Le grand public connaît la voix de Prométhée du groupe Révolution. Il va désormais apprendre à s’habituer à celle de sa mère Dame Koué qui vient de publier son troisième album (‘’Révélation’’) samedi dernier.

Gros plan sur cette dame à la voix puissante. 

Autant le dire tout de suite, il n’y avait aucune chance que cette dame échappe à la musique. Tout la destinait à la chanson depuis longtemps. Née à Blapleu, non loin de Dropleu, une zone réputée pour ses danses célèbres et ses chanteuses (de Kohun Tan) dans la région de Danané, son enfance était baignée par les merveilleuses voix de ses tantes paternelles. Même aujourd’hui encore, plusieurs années après, la voix de sa tante Siaou chante toujours dans sa tête. Tout comme celle de Kouidé ou encore la voix onctueuse de Munlé, chantre dans la chorale yacouba de l’église catholique de Danané.

Dans un environnement du village où même le vent chante mêlé aux chants des oiseaux et aux pavoisements des feuillages, Léontine a connu une enfance joyeuse. Ici, il y avait toujours matière à réjouissance. Avec, en plus, les manifestations récréatives des élèves et étudiants du canton Oua réunis au sein de l’AMEECO. Celles-ci donnaient à la jeune Léontine l’occasion de démontrer ses talents de chanteuse exercés dans la chorale des jeunes de l’église.

Avec le temps, elle devenait une belle et charmante jeune femme adulée déjà par les foules. Et, plus particulièrement, par les hommes. Le mariage lui tendait les bras. Sa carrière aussi. Lorsqu’elle arrête les études et qu’elle doit se marier, ses frères s’empressent de dire à Mathurin Koué, son mari : «Si tu veux la garder comme épouse, ne la laisse pas chanter.» Un conseil que l’homme prend très au sérieux.

Fille de bonne famille et désireuse de fonder un foyer solide, Léontine arrête tout. On ne la voit plus chanter dans les manifs des villages. Cela dure un temps. Mais un jour, au cours d’une fête dans le village de son mari, une danse se présente devant son mari et elle. Une des danseuses vient lui ‘’lancer un défi’’ en lui tendant un chasse-mouche (queue de cheval). Il n’en fallait pas plus pour réveiller l’artiste qui sommeillait en elle. Aussitôt, la voilà tourbillonnant au milieu de la scène. Un signe épatant que cette femme ne pouvait échapper à son destin. Finalement, ce qui devait arriver arriva un jour de l’année 2010.

Léontine entre en studio grâce au colonel Mangly. Elle enregistre son premier album et décide de se faire appeler désormais Dame Koué. Une manière de rassurer Mathurin (son mari) en lui disant, par ce nom de scène, que même en devenant chanteuse, elle demeure la dame de monsieur Koué. Un hommage bien mérité pour cet homme qui a accepté qu’elle fasse de la musique et ne ménage aucun effort pour la soutenir.

Samedi dernier encore, il était là, à la dédicace du troisième album de son épouse. A un moment où la voix de leur fils, Prométhée (du groupe Révolution) chante partout ce refrain devenu célèbre : «Je bois plus oooh éééh ! Je suis soulé…» Même si pour son enfant aussi M. Koué avait opposé son refus au départ, on peut dire aujourd’hui qu’il est un homme heureux. Une femme et un fils qui s’affirment de belle manière et avec beaucoup de bonheur dans la musique.

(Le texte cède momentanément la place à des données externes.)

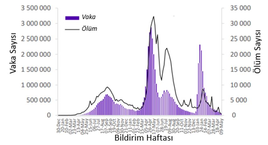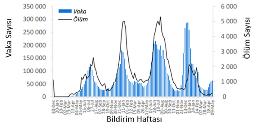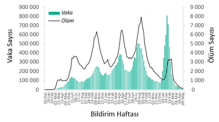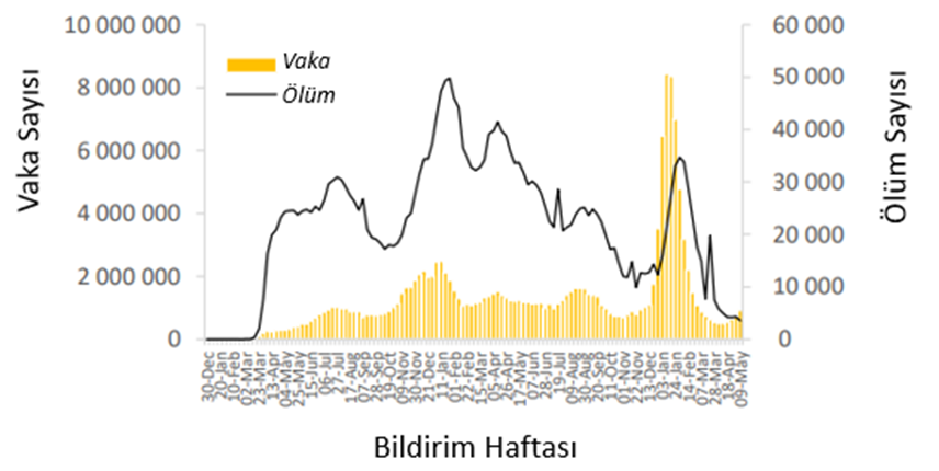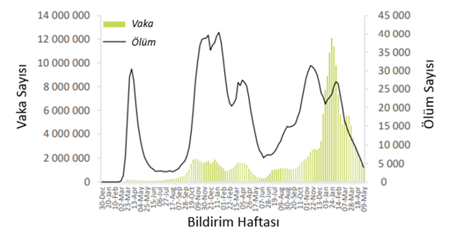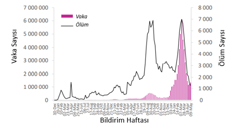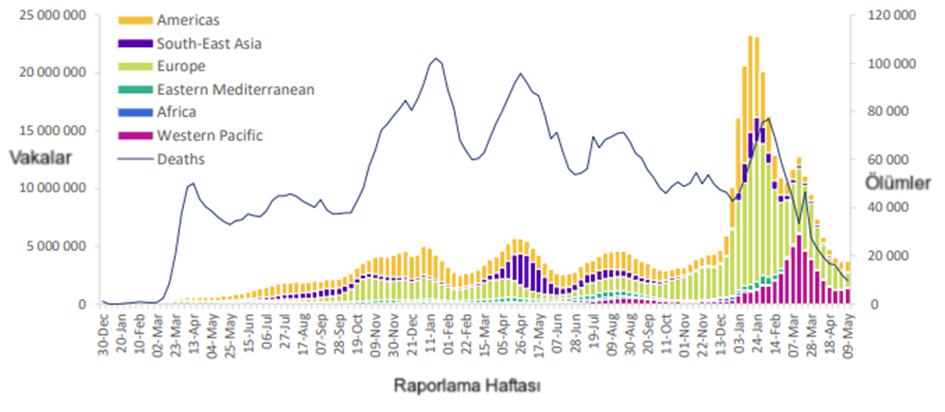 Küresel olarak, Mart 2022'nin sonundan bu yana gözlemlenen devam eden düşüşün ardından, raporlama döneminde (9 Mayıs - 15 Mayıs 2022) yeni haftalık COVID-19 vaka sayıları, önceki haftaya göre bildirilen 3,6 milyondan fazla vaka ve %1'lik bir artış ile stabil hale gelmiştir (şekil 1). Öte yandan, aynı dönemde bildirilen 9000'den fazla ölümle, bir önceki haftaya göre %21'lik bir düşüşü temsil eden yeni haftalık ölüm sayısında düşüş devam etmektedir.
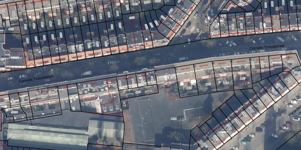 Het perceel waarop het adres ligt is ASD18-V-5658. De afkorting 'ASD18' staat voor kadastrale gemeente Amsterdam. Het perceel is 60 m² groot. Dat is kleiner dan de gemiddelde perceeloppervlakte in Amsterdam, dat op 558,8 m² ligt. Het grootste perceel in de kadastrale gemeente is 12,5 ha. Het kleinste perceel heeft een oppervlakte van 0 m². Er zijn 5 adressen aanwezig op het perceel. In de Basisregistratie Kadaster (BRK) werden de grenzen van het perceel geregistreerd op 20-09-2006.

C’est d’ailleurs le fils qui est le producteur du nouveau disque de sa mère. Un album qui a bénéficié des arrangements de Kacou Honoré. Une œuvre de belle facture qui marque un tournant dans la carrière de cette chanteuse tradi-moderne. 

Les femmes s’unissent derrière la Dame

 

Samedi dernier, à la dédicace de son nouvel album, à l’allocodrome de Niangon, Dame Koué a reçu des soutiens de toutes parts. Parmi les nombreux soutiens, on pouvait noter ceux de l’Associations des femmes unies de Danané conduite par sa présidente Mme Louise Bah. La chanteuse et son époux ont été honorés au cours de cette nuit de musique.